# SLES 9 Help! name daemon



## Castiel (Dec 13, 2009)

I'm doing a project for school. And I have to write on how to configure the name daemon for SLES 9. I don't know how, and I have searched so much and I can't find anything that makes since for me or I am looking at the right thing and I just don't realize it. Help please? 

Question:


> Task 4 - Explain how to configure the Name daemon for the version of Linux being used in your class.  Include screen shots showing the needed output.

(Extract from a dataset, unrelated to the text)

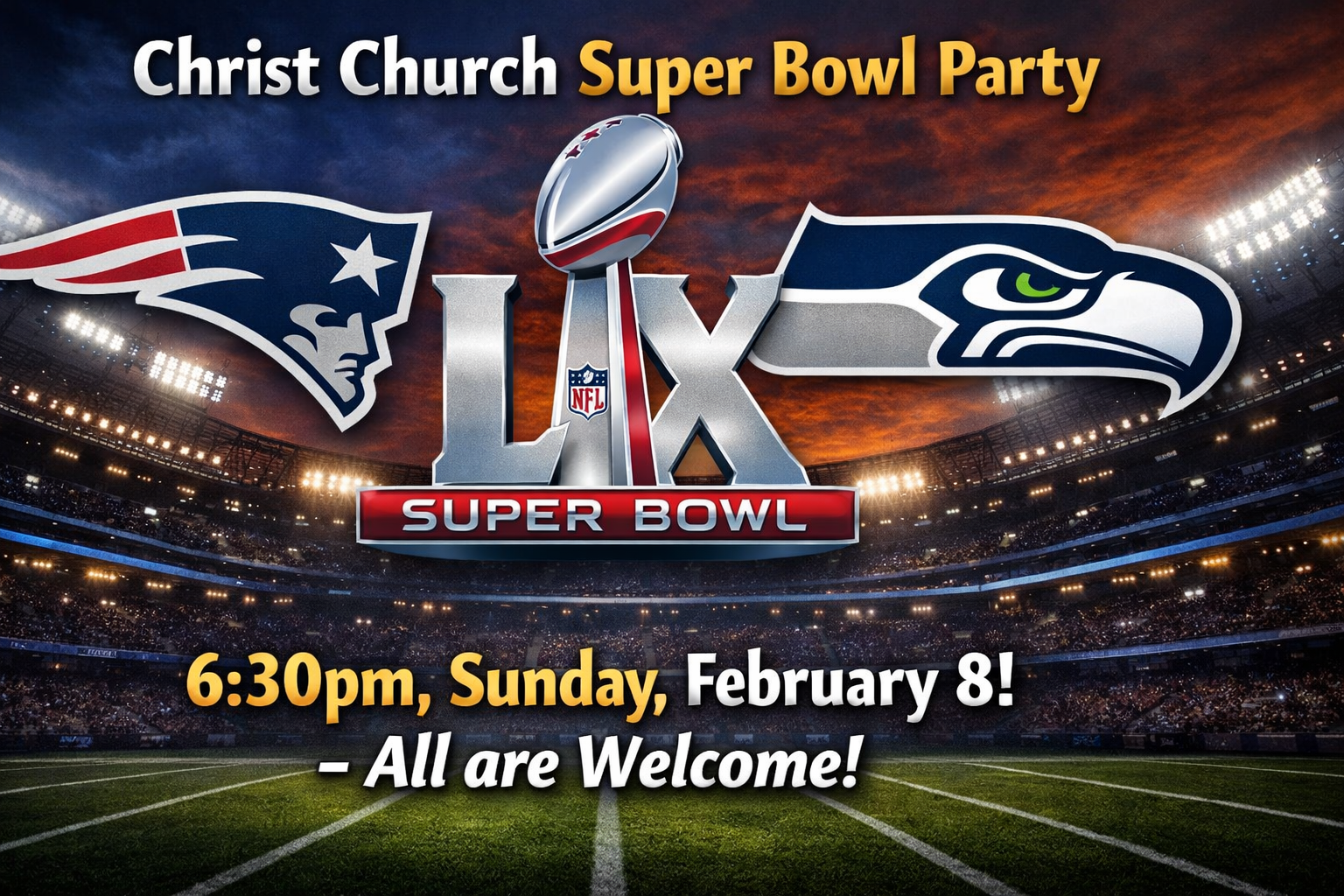 The Big Game starts at 6:30pm and we are having a chilifest (and other food as well). Bring your own chili for the competition with winners for "Best", "Hottest", and "Most Unexpected". Winners will receive an official Christ Church Pint Glass. If making chili is not your thing, bring your favorite game day dish, beer, or wine. Or make a donation of $20 to the Church to help cover the costs. We will have a selection of beer, wine, soda and snacks - donations are appreciated.

You may assume your audience is a system administrator.


----------



## Disparia (Dec 13, 2009)

I believe they're talking about BIND:

http://www.redhat.com/docs/manuals/linux/RHL-9-Manual/custom-guide/ch-bindconf.html


----------



## Castiel (Dec 13, 2009)

Thanks!


----------



## Castiel (Dec 13, 2009)

Okay, I'm trying to configure this but all the things to configure it in is for Redhat, Is there anything out there for SLES 9?


----------



## Disparia (Dec 13, 2009)

Lol, sorry. I saw the "ES" and my eyes totally overlooked the "SL"

Maybe: http://www.informit.com/articles/article.aspx?p=413711&seqNum=2


----------



## Castiel (Dec 13, 2009)

Jizzler said:


> Lol, sorry. I saw the "ES" and my eyes totally overlooked the "SL"
> 
> Maybe: http://www.informit.com/articles/article.aspx?p=413711&seqNum=2





Thanks man!


----------